EXERCISE PROMPT
The entries below are to be written out again without alteration.

EXTRACTED RECORDS

== Segment start ==

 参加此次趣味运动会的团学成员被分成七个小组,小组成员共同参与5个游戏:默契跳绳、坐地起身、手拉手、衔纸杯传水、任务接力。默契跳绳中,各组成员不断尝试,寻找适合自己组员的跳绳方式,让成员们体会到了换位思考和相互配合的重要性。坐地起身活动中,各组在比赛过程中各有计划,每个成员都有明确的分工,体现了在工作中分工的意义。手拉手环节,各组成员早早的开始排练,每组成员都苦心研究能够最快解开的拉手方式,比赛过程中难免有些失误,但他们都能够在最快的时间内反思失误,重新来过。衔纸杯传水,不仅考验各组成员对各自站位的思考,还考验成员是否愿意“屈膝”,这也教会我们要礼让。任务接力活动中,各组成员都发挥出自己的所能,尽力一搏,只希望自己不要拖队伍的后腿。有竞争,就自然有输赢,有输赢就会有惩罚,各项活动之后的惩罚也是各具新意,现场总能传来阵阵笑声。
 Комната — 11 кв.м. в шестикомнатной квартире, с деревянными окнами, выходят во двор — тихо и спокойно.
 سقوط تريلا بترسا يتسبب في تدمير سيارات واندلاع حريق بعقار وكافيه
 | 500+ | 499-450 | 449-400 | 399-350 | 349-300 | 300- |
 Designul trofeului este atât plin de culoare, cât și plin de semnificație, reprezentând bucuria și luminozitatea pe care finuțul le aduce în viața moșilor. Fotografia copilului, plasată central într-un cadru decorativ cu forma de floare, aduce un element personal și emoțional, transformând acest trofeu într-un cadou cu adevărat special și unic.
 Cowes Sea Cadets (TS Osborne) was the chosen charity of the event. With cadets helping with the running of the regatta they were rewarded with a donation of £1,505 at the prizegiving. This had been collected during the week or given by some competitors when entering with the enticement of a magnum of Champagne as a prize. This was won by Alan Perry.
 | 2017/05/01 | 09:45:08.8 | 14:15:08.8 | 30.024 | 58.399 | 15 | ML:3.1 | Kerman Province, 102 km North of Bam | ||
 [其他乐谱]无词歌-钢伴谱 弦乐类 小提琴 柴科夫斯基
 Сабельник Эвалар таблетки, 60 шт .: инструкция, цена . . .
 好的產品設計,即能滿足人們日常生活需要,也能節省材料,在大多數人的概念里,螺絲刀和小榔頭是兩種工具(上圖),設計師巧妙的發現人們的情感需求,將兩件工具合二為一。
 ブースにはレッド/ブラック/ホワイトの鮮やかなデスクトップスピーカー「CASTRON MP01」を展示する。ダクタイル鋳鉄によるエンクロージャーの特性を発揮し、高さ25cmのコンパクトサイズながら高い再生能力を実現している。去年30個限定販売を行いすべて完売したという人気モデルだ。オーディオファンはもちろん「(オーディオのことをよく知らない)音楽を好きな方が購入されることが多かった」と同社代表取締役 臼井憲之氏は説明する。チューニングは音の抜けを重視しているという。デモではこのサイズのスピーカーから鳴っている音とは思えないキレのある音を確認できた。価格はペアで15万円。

== Segment end ==

YOUR RESPONSE
 参加此次趣味运动会的团学成员被分成七个小组,小组成员共同参与5个游戏:默契跳绳、坐地起身、手拉手、衔纸杯传水、任务接力。默契跳绳中,各组成员不断尝试,寻找适合自己组员的跳绳方式,让成员们体会到了换位思考和相互配合的重要性。坐地起身活动中,各组在比赛过程中各有计划,每个成员都有明确的分工,体现了在工作中分工的意义。手拉手环节,各组成员早早的开始排练,每组成员都苦心研究能够最快解开的拉手方式,比赛过程中难免有些失误,但他们都能够在最快的时间内反思失误,重新来过。衔纸杯传水,不仅考验各组成员对各自站位的思考,还考验成员是否愿意“屈膝”,这也教会我们要礼让。任务接力活动中,各组成员都发挥出自己的所能,尽力一搏,只希望自己不要拖队伍的后腿。有竞争,就自然有输赢,有输赢就会有惩罚,各项活动之后的惩罚也是各具新意,现场总能传来阵阵笑声。
 Комната — 11 кв.м. в шестикомнатной квартире, с деревянными окнами, выходят во двор — тихо и спокойно.
 سقوط تريلا بترسا يتسبب في تدمير سيارات واندلاع حريق بعقار وكافيه
 | 500+ | 499-450 | 449-400 | 399-350 | 349-300 | 300- |
 Designul trofeului este atât plin de culoare, cât și plin de semnificație, reprezentând bucuria și luminozitatea pe care finuțul le aduce în viața moșilor. Fotografia copilului, plasată central într-un cadru decorativ cu forma de floare, aduce un element personal și emoțional, transformând acest trofeu într-un cadou cu adevărat special și unic.
 Cowes Sea Cadets (TS Osborne) was the chosen charity of the event. With cadets helping with the running of the regatta they were rewarded with a donation of £1,505 at the prizegiving. This had been collected during the week or given by some competitors when entering with the enticement of a magnum of Champagne as a prize. This was won by Alan Perry.
 | 2017/05/01 | 09:45:08.8 | 14:15:08.8 | 30.024 | 58.399 | 15 | ML:3.1 | Kerman Province, 102 km North of Bam | ||
 [其他乐谱]无词歌-钢伴谱 弦乐类 小提琴 柴科夫斯基
 Сабельник Эвалар таблетки, 60 шт .: инструкция, цена . . .
 好的產品設計,即能滿足人們日常生活需要,也能節省材料,在大多數人的概念里,螺絲刀和小榔頭是兩種工具(上圖),設計師巧妙的發現人們的情感需求,將兩件工具合二為一。
 ブースにはレッド/ブラック/ホワイトの鮮やかなデスクトップスピーカー「CASTRON MP01」を展示する。ダクタイル鋳鉄によるエンクロージャーの特性を発揮し、高さ25cmのコンパクトサイズながら高い再生能力を実現している。去年30個限定販売を行いすべて完売したという人気モデルだ。オーディオファンはもちろん「(オーディオのことをよく知らない)音楽を好きな方が購入されることが多かった」と同社代表取締役 臼井憲之氏は説明する。チューニングは音の抜けを重視しているという。デモではこのサイズのスピーカーから鳴っている音とは思えないキレのある音を確認できた。価格はペアで15万円。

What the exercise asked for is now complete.